START DATASET EXCERPTS
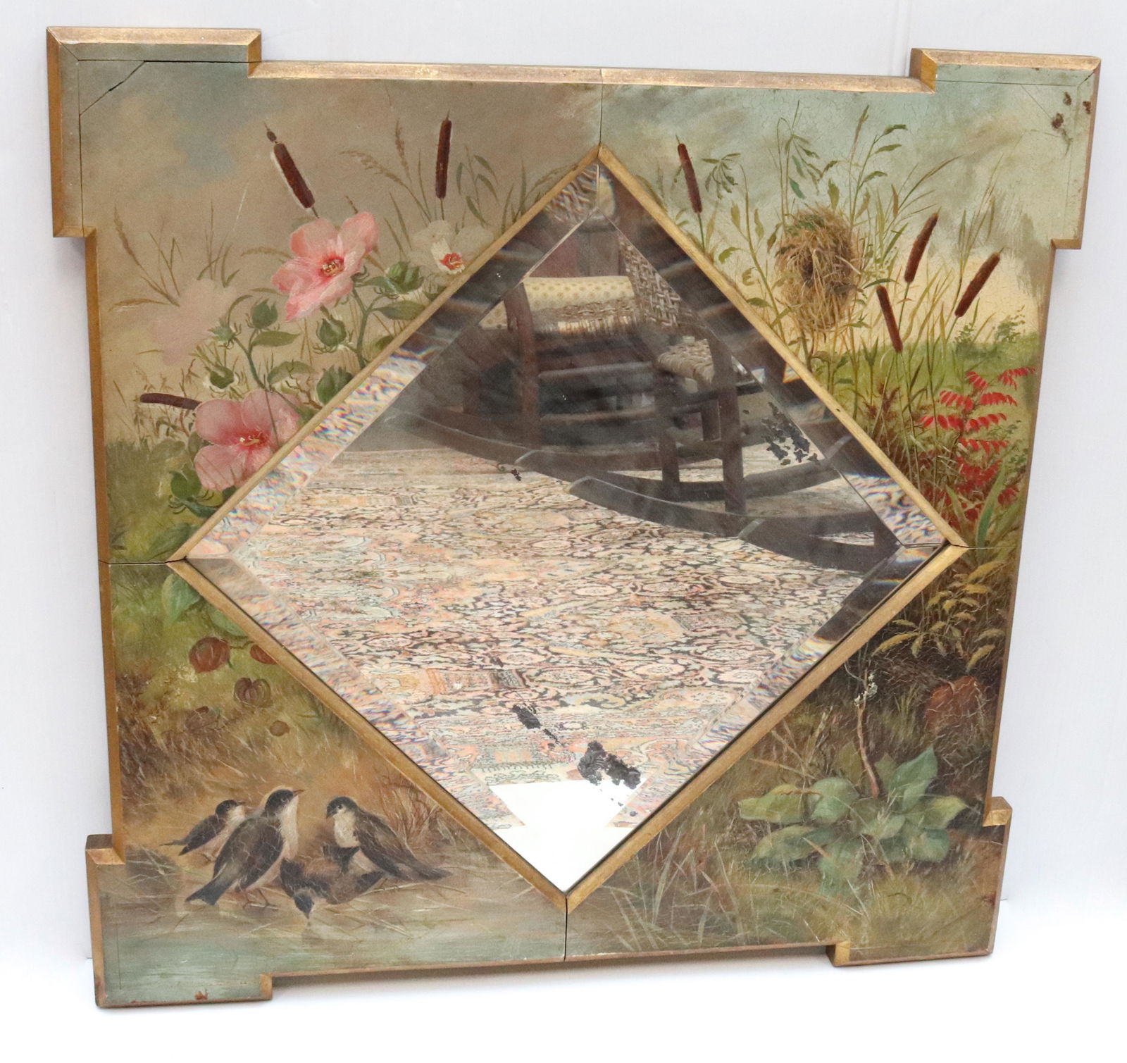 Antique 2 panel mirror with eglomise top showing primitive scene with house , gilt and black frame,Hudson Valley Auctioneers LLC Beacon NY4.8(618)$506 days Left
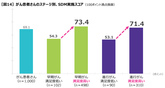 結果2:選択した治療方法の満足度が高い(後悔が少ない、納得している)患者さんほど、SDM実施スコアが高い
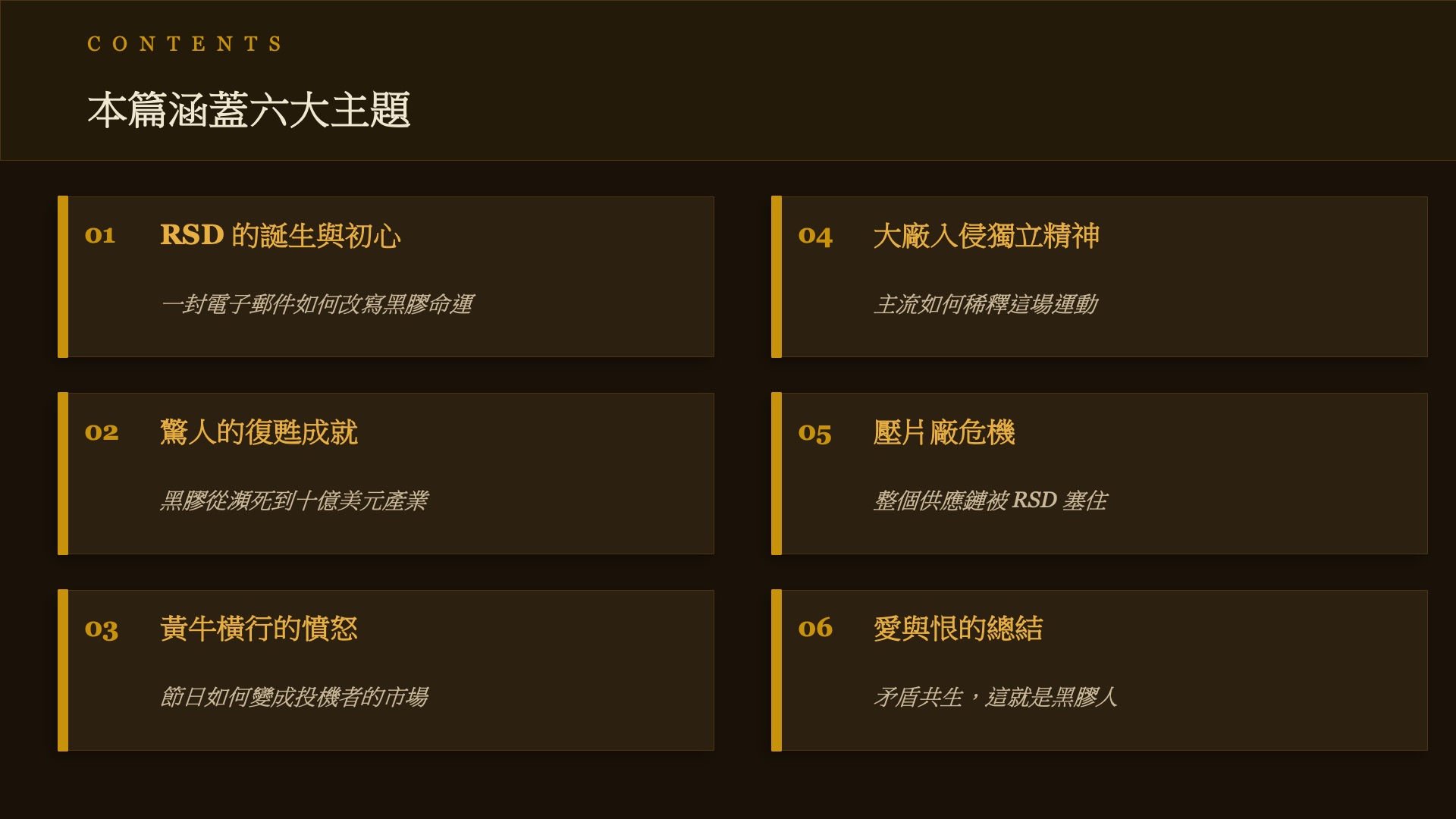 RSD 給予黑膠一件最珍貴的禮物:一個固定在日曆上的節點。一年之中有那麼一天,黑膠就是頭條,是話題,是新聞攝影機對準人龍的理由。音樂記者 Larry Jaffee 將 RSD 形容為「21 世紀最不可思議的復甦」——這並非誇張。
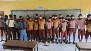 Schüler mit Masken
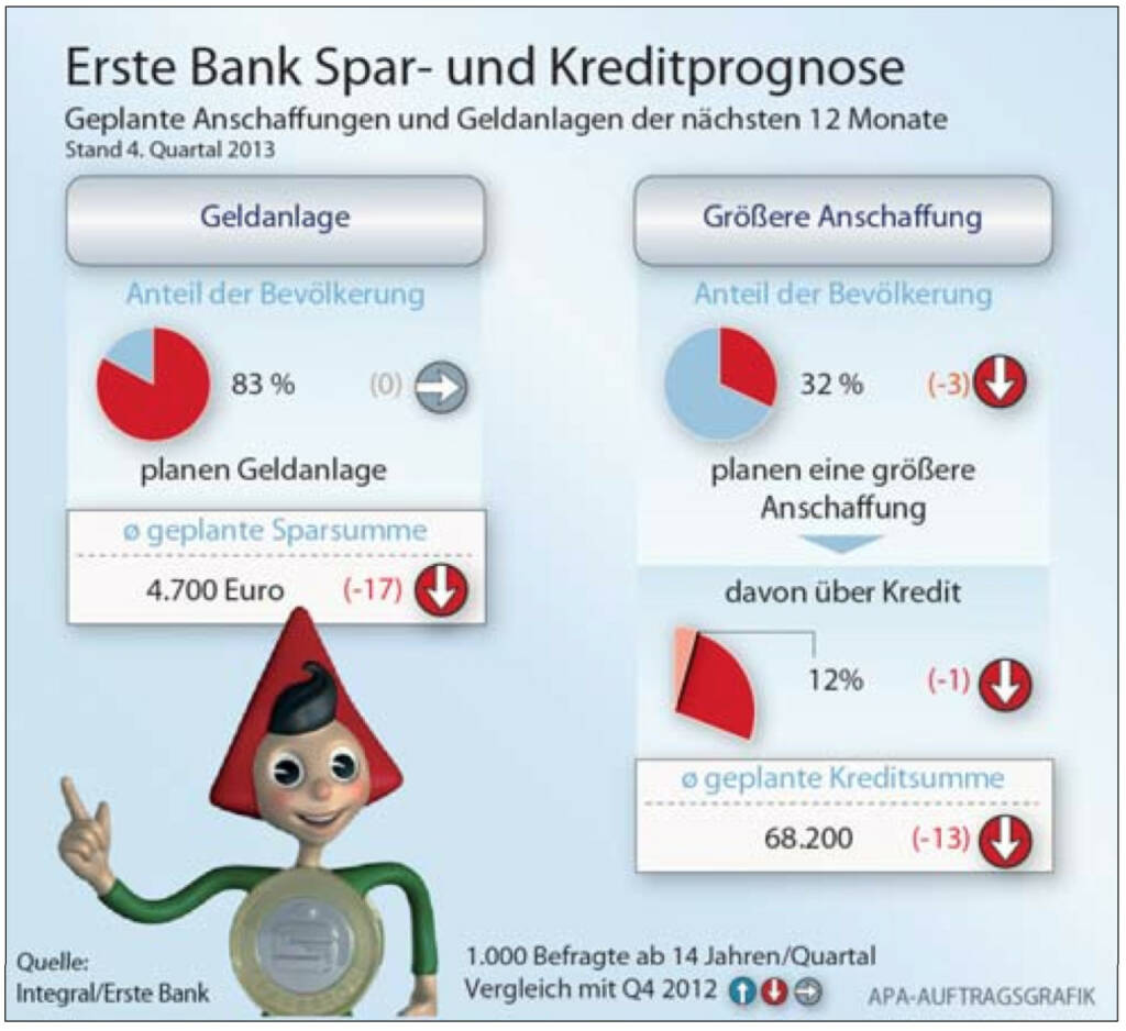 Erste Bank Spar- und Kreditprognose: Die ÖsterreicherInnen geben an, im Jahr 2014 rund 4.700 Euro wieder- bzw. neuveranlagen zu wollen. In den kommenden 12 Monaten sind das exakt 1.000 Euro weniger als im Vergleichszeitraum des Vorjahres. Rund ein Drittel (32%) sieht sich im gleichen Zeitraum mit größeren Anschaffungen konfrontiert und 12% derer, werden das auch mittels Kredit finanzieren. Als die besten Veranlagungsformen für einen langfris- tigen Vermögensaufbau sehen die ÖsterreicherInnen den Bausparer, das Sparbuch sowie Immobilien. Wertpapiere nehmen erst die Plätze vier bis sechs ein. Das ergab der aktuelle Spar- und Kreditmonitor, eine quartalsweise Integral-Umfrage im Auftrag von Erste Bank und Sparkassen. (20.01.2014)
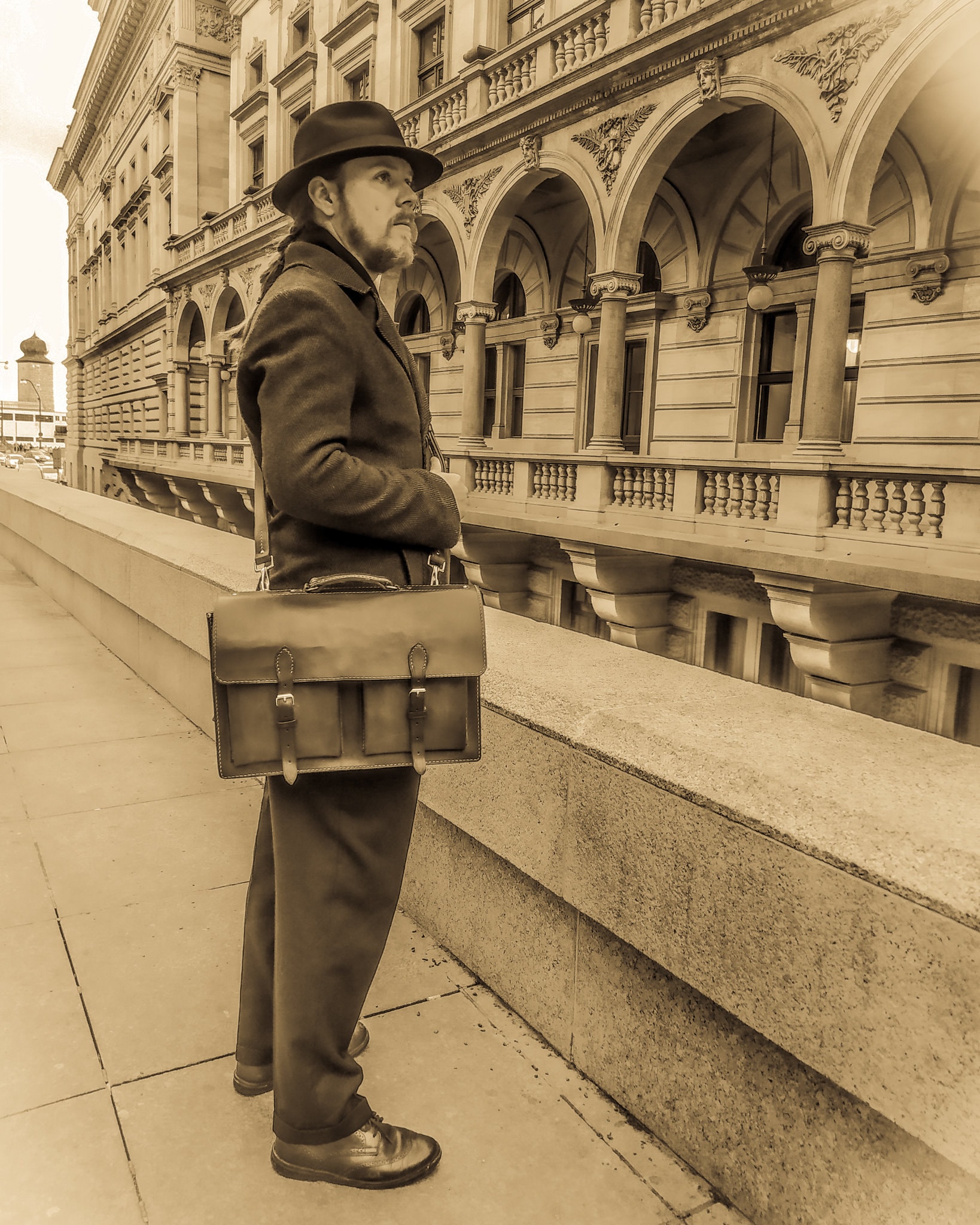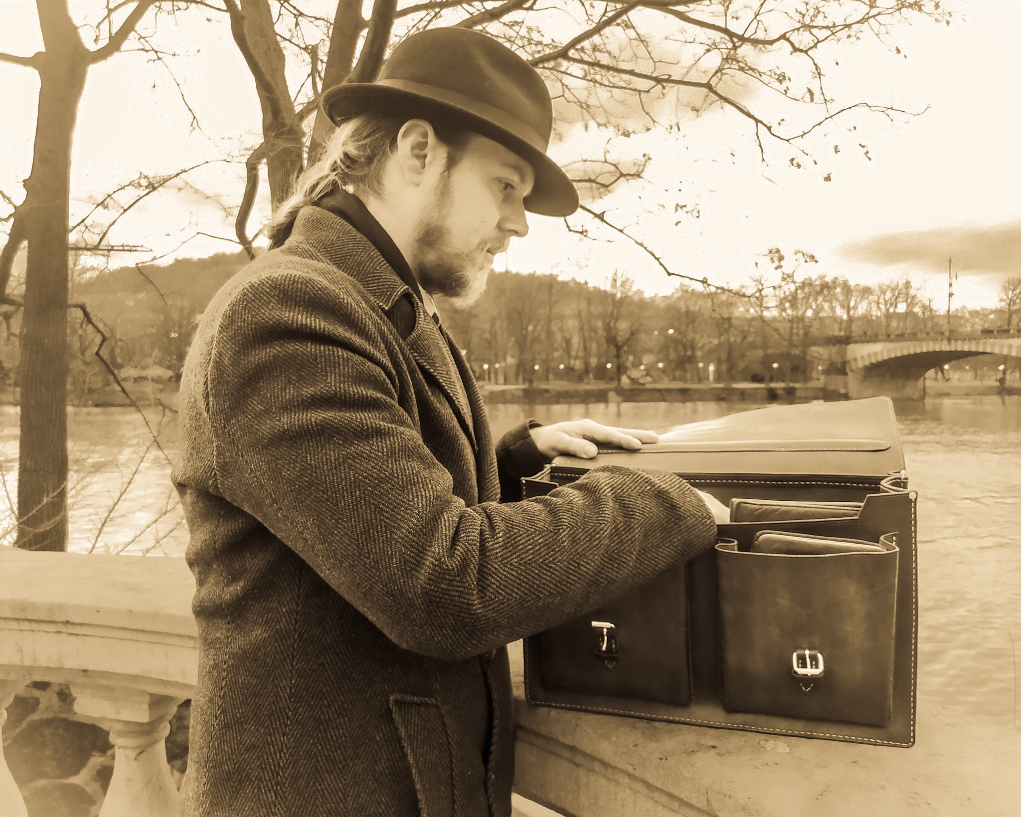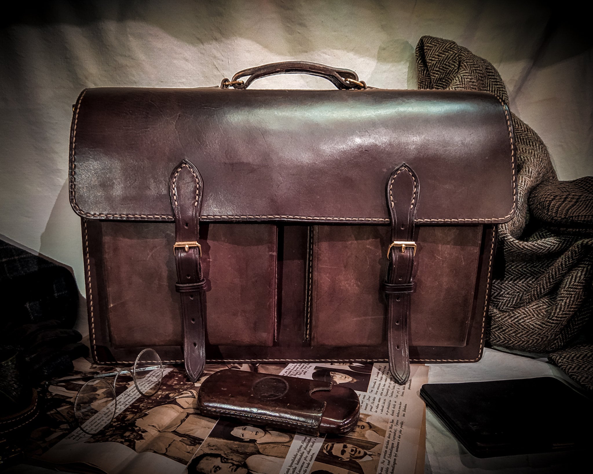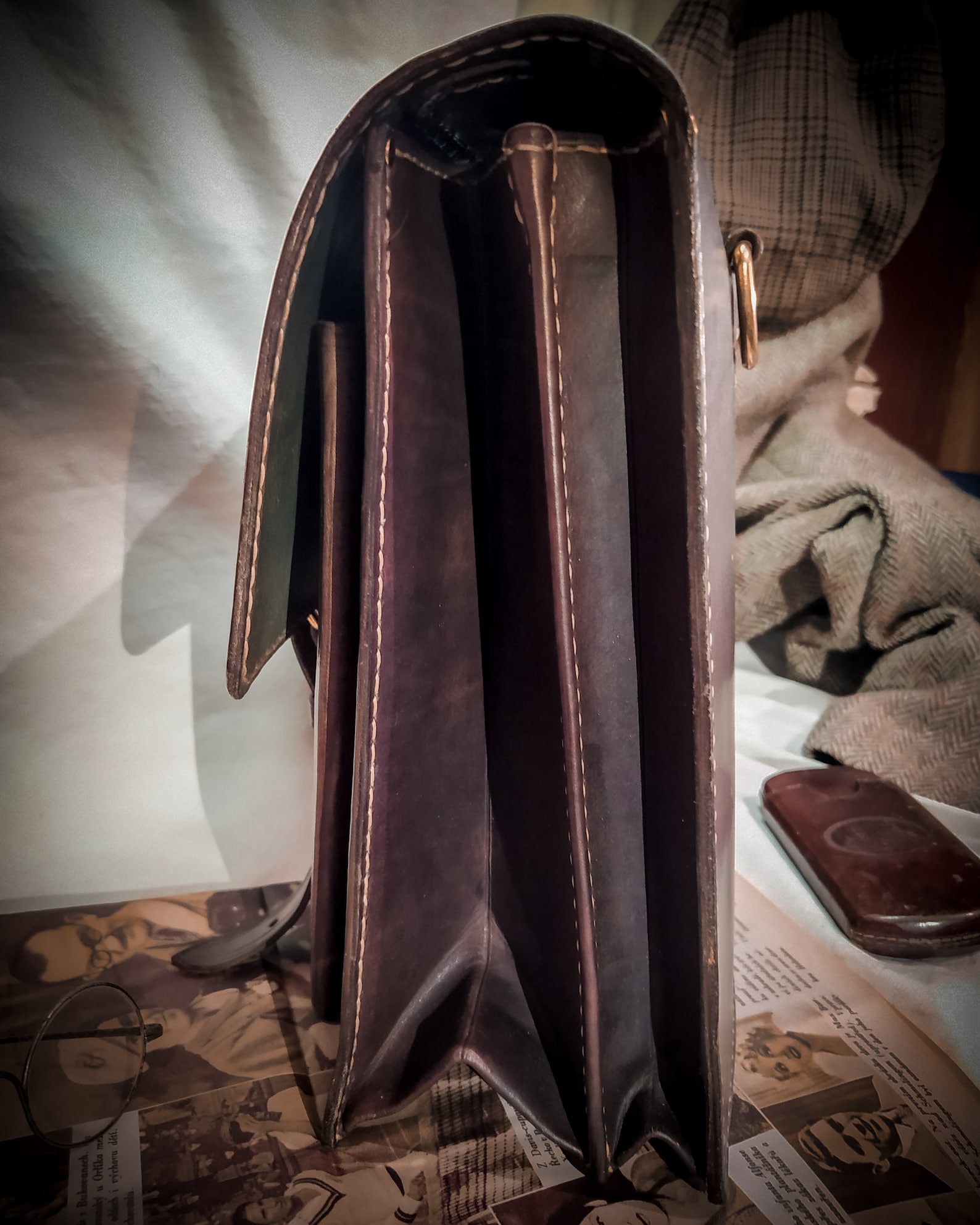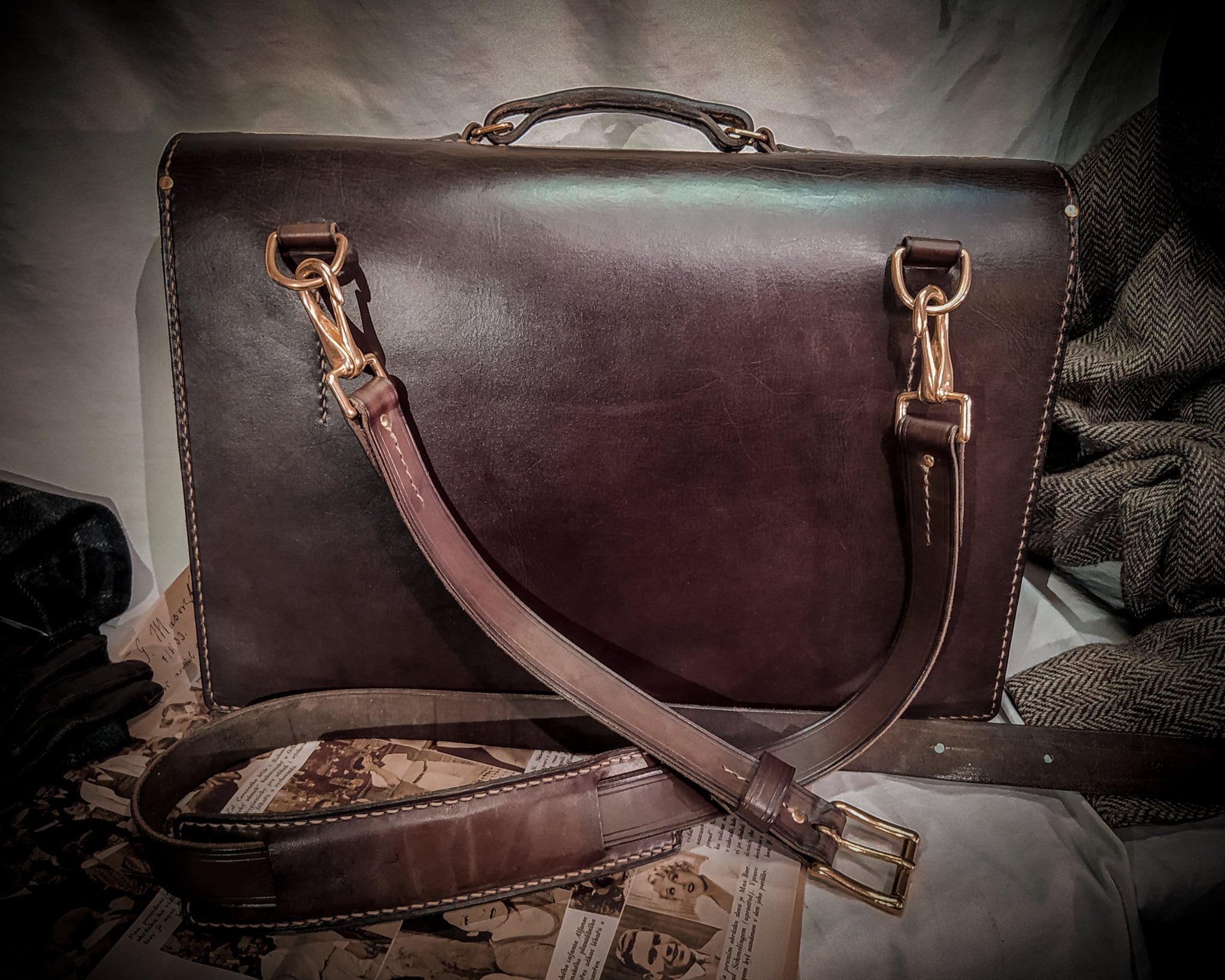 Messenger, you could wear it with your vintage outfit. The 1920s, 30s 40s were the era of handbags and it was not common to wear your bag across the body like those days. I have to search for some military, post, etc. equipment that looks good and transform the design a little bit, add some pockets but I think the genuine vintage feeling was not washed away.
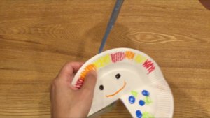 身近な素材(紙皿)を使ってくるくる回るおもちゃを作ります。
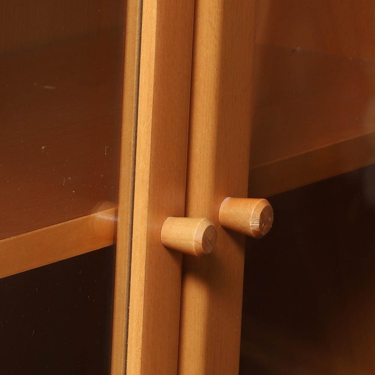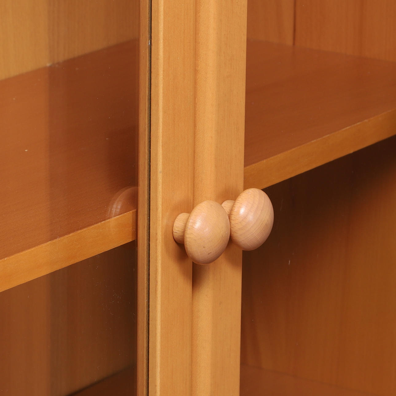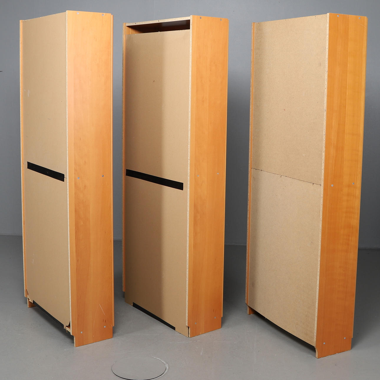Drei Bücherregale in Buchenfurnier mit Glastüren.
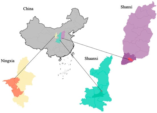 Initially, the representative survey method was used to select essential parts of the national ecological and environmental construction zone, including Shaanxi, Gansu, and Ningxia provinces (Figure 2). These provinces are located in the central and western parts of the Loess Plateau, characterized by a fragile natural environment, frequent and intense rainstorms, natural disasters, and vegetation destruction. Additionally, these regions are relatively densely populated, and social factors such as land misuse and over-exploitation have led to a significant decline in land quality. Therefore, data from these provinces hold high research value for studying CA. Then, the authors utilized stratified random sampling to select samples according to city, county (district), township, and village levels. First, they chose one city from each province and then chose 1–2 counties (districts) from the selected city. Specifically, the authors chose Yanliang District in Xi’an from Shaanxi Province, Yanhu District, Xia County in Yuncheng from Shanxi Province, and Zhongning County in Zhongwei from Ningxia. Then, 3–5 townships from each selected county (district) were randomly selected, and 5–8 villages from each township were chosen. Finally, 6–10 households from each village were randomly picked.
END DATASET EXCERPTS
● **WORK REQUIRED**: Only the lines from the top of the records through the line with "結果2:選択した治療方法の満" belong in the copy; write them out exactly, leaving out pictures.

● **RESULT**:
 Antique 2 panel mirror with eglomise top showing primitive scene with house , gilt and black frame,Hudson Valley Auctioneers LLC Beacon NY4.8(618)$506 days Left
 結果2:選択した治療方法の満足度が高い(後悔が少ない、納得している)患者さんほど、SDM実施スコアが高い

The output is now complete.